The Survival of the Fittists
By Howard Wainer
Understanding the role of replication in research is crucial for the interpretation of scientific advances
Understanding the role of replication in research is crucial for the interpretation of scientific advances
DOI: 10.1511/2012.98.358
The concept of replicability in scientific research was laid out by Francis Bacon in the early 17th century, and it remains the principal epistemological tenet of modern science. Replicability begins with the idea that science is not private; researchers who make claims must allow others to test those claims. Over time, the scientific community has recognized that, because initial investigations are almost always done on a small scale, they exhibit the variability inherent in small studies. Inevitably, as a consequence, some results will be reported that are epiphenomenal—false positives, for example. When novel findings appear in the scientific literature, other investigators rush to replicate. If attempts to reproduce them don’t pan out, the initial results are brushed aside as the statistical anomalies they were, and science moves on.
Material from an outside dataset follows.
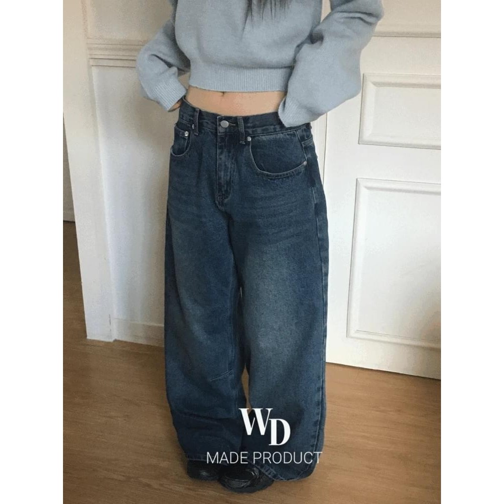 Codibook|韓國 wonderwonder 水洗剪裁寬版丹寧牛仔褲[預購]牛仔褲 女裝青藍,S|青藍,MCodibook 韓國女裝購物平台

Scientific tradition sets an initial acceptance criterion for much research that tolerates a fair number of false positives (typically 1 out of 20). There are two reasons for this initial leniency: First, it is not practical to do preliminary research on any topic on a large enough scale to diminish the likelihood of statistical artifacts to truly tiny levels. And second, it is more difficult to rediscover a true result that was previously dismissed because it failed to reach some stringent level of acceptability than it is to reject a false positive after subsequent work fails to replicate it. This approach has meant that the scientific literature is littered with an embarrassing number of remarkable results that were later shown to be anomalous.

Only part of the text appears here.